Question #1fad2

1 Answer
Jun 5, 2015

For a reaction to be feasible the total entropy change of the system and surroundings must be positive.

#N_(2(g))+2O_(2(g))rarr2NO_(2(g))#

To work out the entropy change in the system we need to find the total entropy of the products and subtract this from the total entropy of the reactants.

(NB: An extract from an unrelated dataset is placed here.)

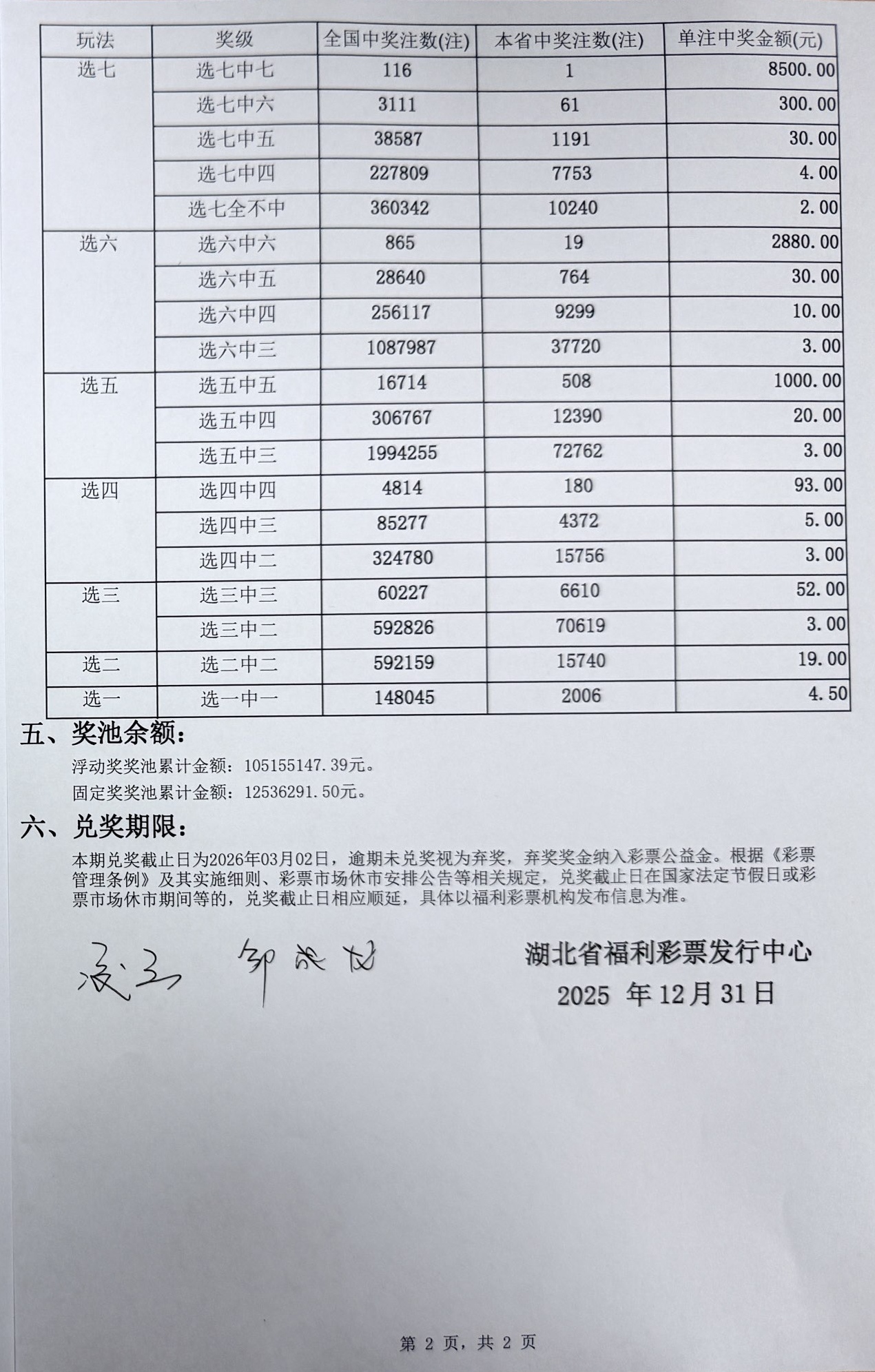 2025年12月31日 开奖公告

#DeltaS_(sys)=Sigma["entropy products"]-Sigma["entropy reactants"]#

You can get these data from standard tables:

#S^(0)(N_2)=191.5"J/K/mol"#

#S^(0)(O_2)=205.3"J/K/mol"#

#S^(0)(NO_2)=240.4"J/K/mol"#

#DeltaS_(sys)=(2xx240.4)-[191.5+(2xx205.3)]#

#DeltaS_(sys)=480.8-[602.1]#

#DeltaS_(sys)=-121.3"J/K/mol"#

Now we need to work out the entropy change in the surroundings which would result if this reaction were to happen.

This is given by:

#DeltaS_(surr)=-(DeltaH)/(T)#

#DeltaS_(surr)=-(66.4xx10^(3))/(298)=-222.8"J/K/mol"#

Now we need to add these two together:

#DeltaS_("total")=DeltaS_(sys)+DeltaS_(surr)#

#DeltaS_("total")=-121.3+(-222.8)#

#DeltaS_("total")=-344.1"J/K/mol"#

The negative value of #DeltaS_("total")# tells us that the reaction cannot be spontaneous at this temperature.